We use a pinch of ground Cardamom & Cinnamon in our tea - or a pinch of Fennel seeds.

You can also place a small slice of fresh ginger in your cup or mug.

.


----------



## Mrs. Robinson

Unfiltered raw local honey here,and a splash of half and half.


----------



## Phantom

I like boiling water or milk with my coffee LOL


----------



## Son_of_Perdition

Half n half no sugar, used to drink it with liquid non dairy creamer but started having bowel problems, read an article about it being made from vegtable oil and realized that I was taking a old home remedy for constipation.  I quit problem solved, I had my daughter mix it with milk added 1/4 C creamer for her toddlers, each had bowel problems until they started drinking 'Coffee milk'.  She checked with her pedatrician and she said she can't see anything wrong if used in moderation (every other day) worked much better than stool softner.


----------



## ClassicRockr

For me, at home, 1 packet of Splenda and some Nestle Coffee Mate Sugar Free French Vanilla. And, maybe a cup and 1/2 in the morning, but none after that. Only time wife likes coffee is in some hot coco.


----------



## RadishRose

Used to be half & half & 2 tsps sugar. Now, it's artificial sweetener and 1% lactose free milk. If tea, I like Earl Grey the same way, but prefer iced tea over hot. Actually, I think I prefer iced coffee over hot, as well.


----------



## SeaBreeze




----------



## AprilT

In my teens I used to take milk in my hot tea, not any more, I drink a few varieties, but take it just with splenda.  Nowadays when I do drink coffee, not as often as a year ago, well, I take coffee in my half and half with splenda, sometimes I.  I also like the flavored coffees, if I don't have the flavored one's on hand to brew, I'll add cinnamon with vanilla almond flavoring.  

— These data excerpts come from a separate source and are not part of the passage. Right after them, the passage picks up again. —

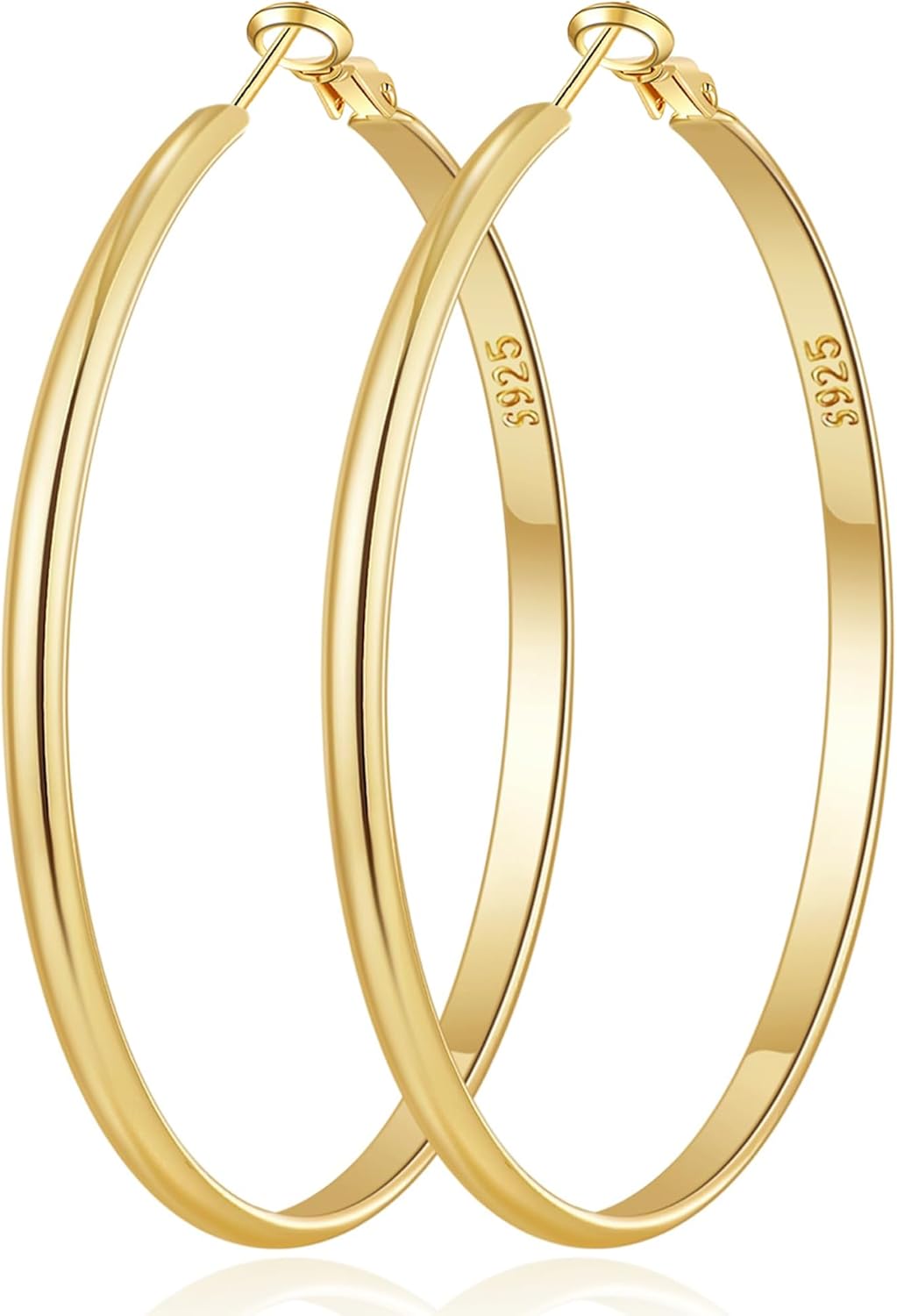 EXGOX 5mm Wide Gold Hoop Earrings for Women,Sterling Silver Hoop Earrings Large Silver Hoop Earrings Hypoallergenic Lightweight 14K Real Gold Plated Big Hoop Earrings for Women 30/40/50/60/70mm
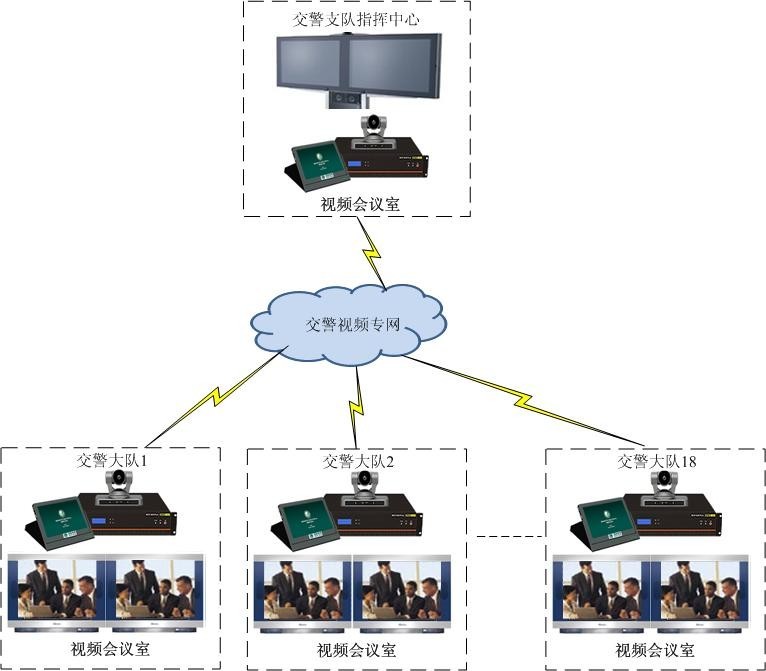 为了节省公安交警系统网络资源,本次高清视频会议系统采用分布式对等组网方式,充分利用各大队富裕带宽,尽可能节省中心节点和骨干网带宽占用。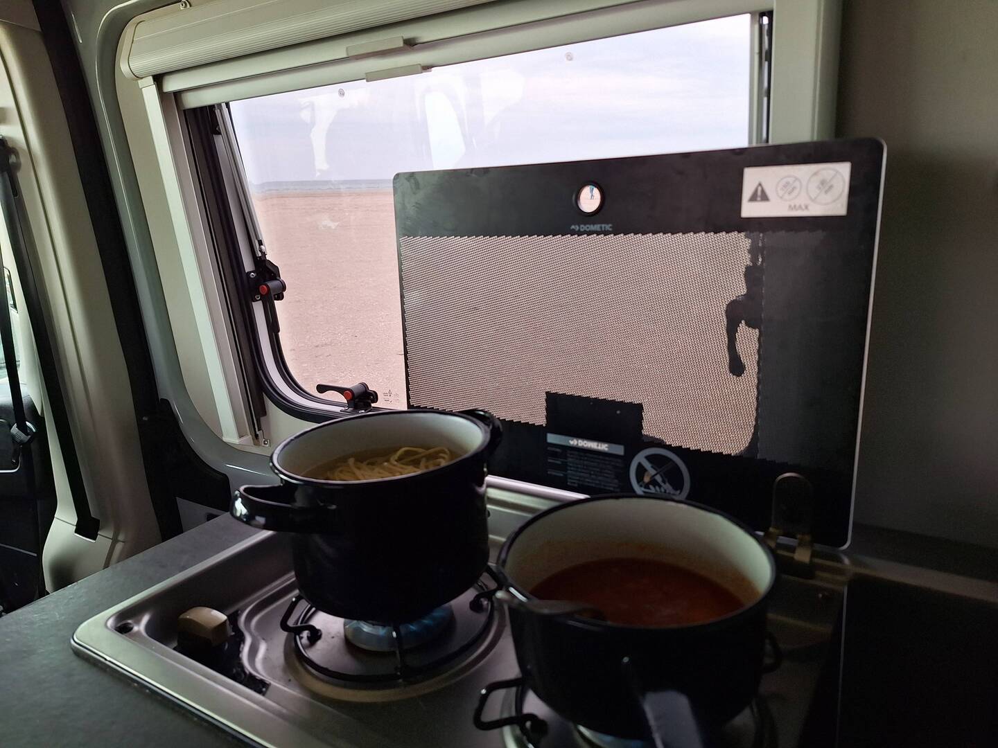 Nach einem abenteuerlustigen Einkauf fuhren wir mit unserem Camper an den Strand von Rømø um dort Mittag zu machen. Es gab Nudeln mit Bolognese. Praktisch das man seine Küche überall dabei hat.もっと詳しく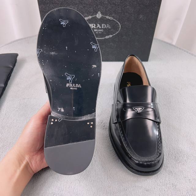 Prada New Model Upper: Imported split-bead cowhide Lining: Imported soft cowhide Footpads: Split-bead + cowhide combination Sole: Original 1:1 genuine leather outsole Sizes: 38-45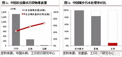 2. 上山下鄉,到農村去 長期以來,在我國農業領域的環保問題一直沒有得到充分的重視,但實際上這一領域的污染問題已經相當突出。在水體污染方面,目前農業源占我國COD排放量的比例超過40%,占總氮排放的比例在60%左右,占總磷排放的比例更是高達70%左右。 目前我國農業水污染治理程度嚴重偏低,還處于起步階段。據統計,我國僅北京、天津、上海、江蘇、浙江、廣東等少數發達省市的農村生活污水處理率能夠超過10%,其他大部分省份還未全面鋪開。在我國環境承載能力日益逼近上限的現狀下,農村環境治理問題開始受到最高層重視,近年來,國務院、環保部、財政部、發改委在多個文件中均重點提及,而農業部近日下發的《關于打好農業面源污染防治攻堅戰的實施意見》更是給出了一個較為全面的實施路線圖。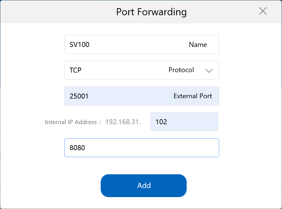 Luego ingrese a la web del enrutador, asignando el puerto interno del receptor al puerto externo del enrutador, como por ejemplo 25001.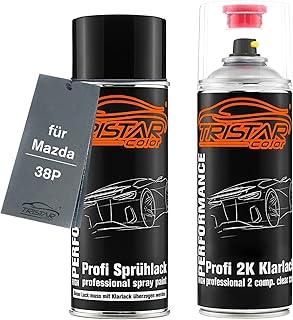 TRISTARcolor Autolack 2K Spraydosen Set für Mazda 38P Plutosilber Metallic Basislack 2 Komponenten Klarlack Sprühdose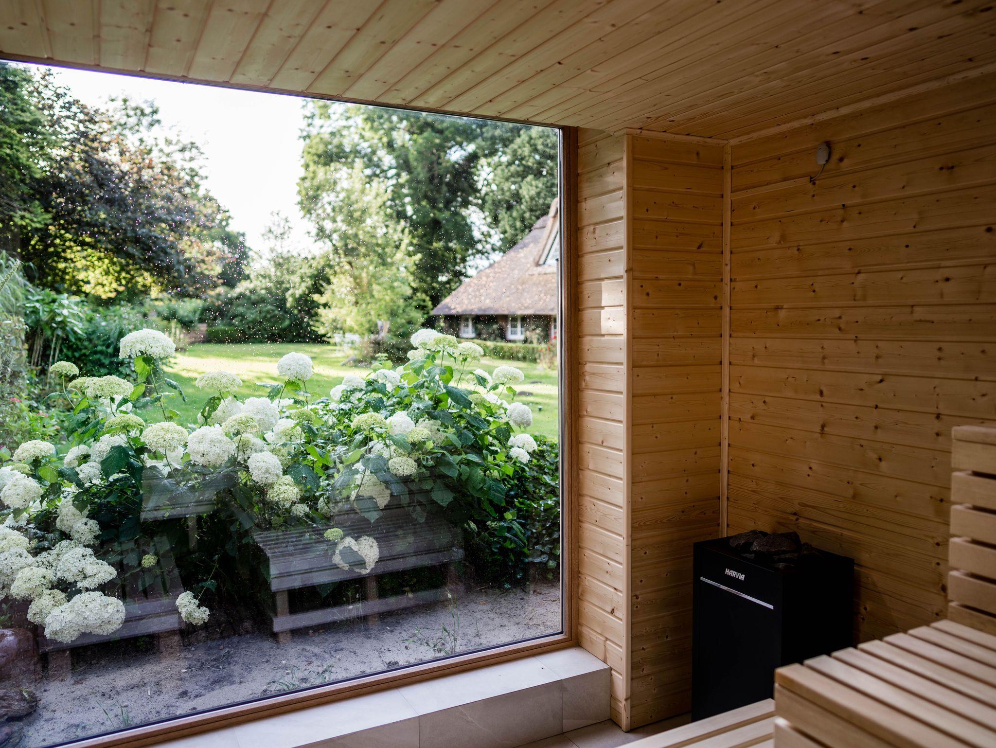 Moderne Ferienwohnung Reethuus 6 in Dangast mit Sauna, Terrasse und herrlichem Blick auf grüne Natur.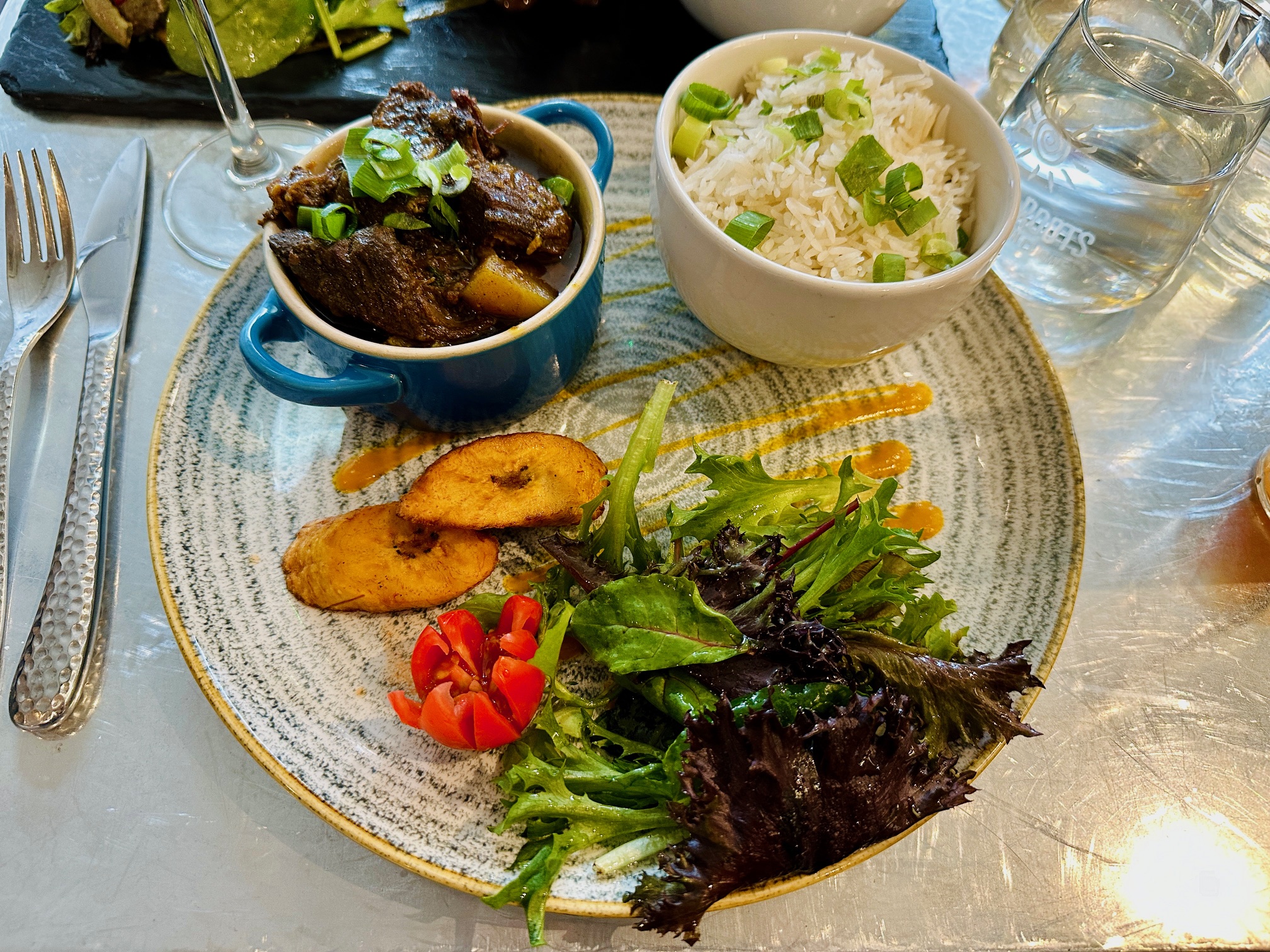 And yet the presentation was needlessly prissy. The curry was in a little vessel, the steamed rice in a separate bowl, there were a few random slices of plantain on the side and a salad which genuinely didn’t go and I’m not sure anyone eats. Were you meant to spoon the curry onto the rice, or gradually cross the streams while keeping the salad safe from harm? I ended up dumping the rice on the plate, pouring the curry on top and thinking that, rather than all the compartmentalisation, all I really wanted was a big steaming bowl of rice with plenty of curry on top – something earthy, hearty and unpretentious. I know Spiced Roots billed itself as fine Caribbean cuisine, but I don’t think that means you have to put obstacles between the food and the diners enjoying it.

Reminds me, I still have a coupon for Starbucks I need to use.


----------



## Ina

I use stevia, and 1/2&1/2 inn my one cup of morning coffee. In the winter, I sometimes like to ad Hershey's chocolate and a little whip cream. :wave:  :coffeelaugh:


----------



## Pappy

Love that first cup in the morning. The San Francisco Morning Blend single pod is our choice.


----------



## SeaBreeze

We have a regular drip coffee maker, and have been going back and forth using fresh ground Kona Blend, Organic Breakfast Blend (both from Sprouts).  Recently we tried 8 O'clock coffee, and it was pretty good too.  Used to buy the cheaper store brands, or Maxwell House, Folgers, etc., but we like those other freshly ground ones better, worth the price.  We do use instant Folger's crystals when we're out camping.


----------



## SeaBreeze




----------



## Meanderer

I have been trying to cut back on coffee and drink more water! 

View attachment 10086


----------



## oldman

Let me give everyone here a little advice. The next time that you fly and you would like to have coffee or tea, be sure to ask the flight attendant where the water came from to brew the drink. If they say that it came from the airplane's water supply or tank, do not drink it. If they tell you that they use bottled water, then enjoy the drink, otherwise, have plain water out of the bottle. (You don't want to know about airplane water.)


----------



## Steve

I was watching the news last night at 11:00 and they showed some IDIOT that is putting butter in his coffee....
C'mon now !!!!  * BUTTER ?????  .... *Evidently they melt it in the hot brew and drink it like that...          *  WOW  !!!!
*
Is it just me or is that something else ?????


----------



## rkunsaw

I might give butter a try. I will not use artificial sweeteners. A bit of Emmetts Irish Cream is good


----------



## Steve

I have been drinking my coffee since I was a young teenager only one way and always the same way...
*
BLACK ----- BLACK  *


----------



## rkunsaw

My morning coffee is always black too, Steve but if I have a cup in the evening I might put in some Irish cream, French vanilla or a packet of hot chocolate mix.


----------



## GeorgiaXplant

Maxwell House or whatever DD picks up when she's grocery shopping. Those creamers...chemist's delight is what I call them...don't like my stomach one little bit. I like a little milk in my coffee.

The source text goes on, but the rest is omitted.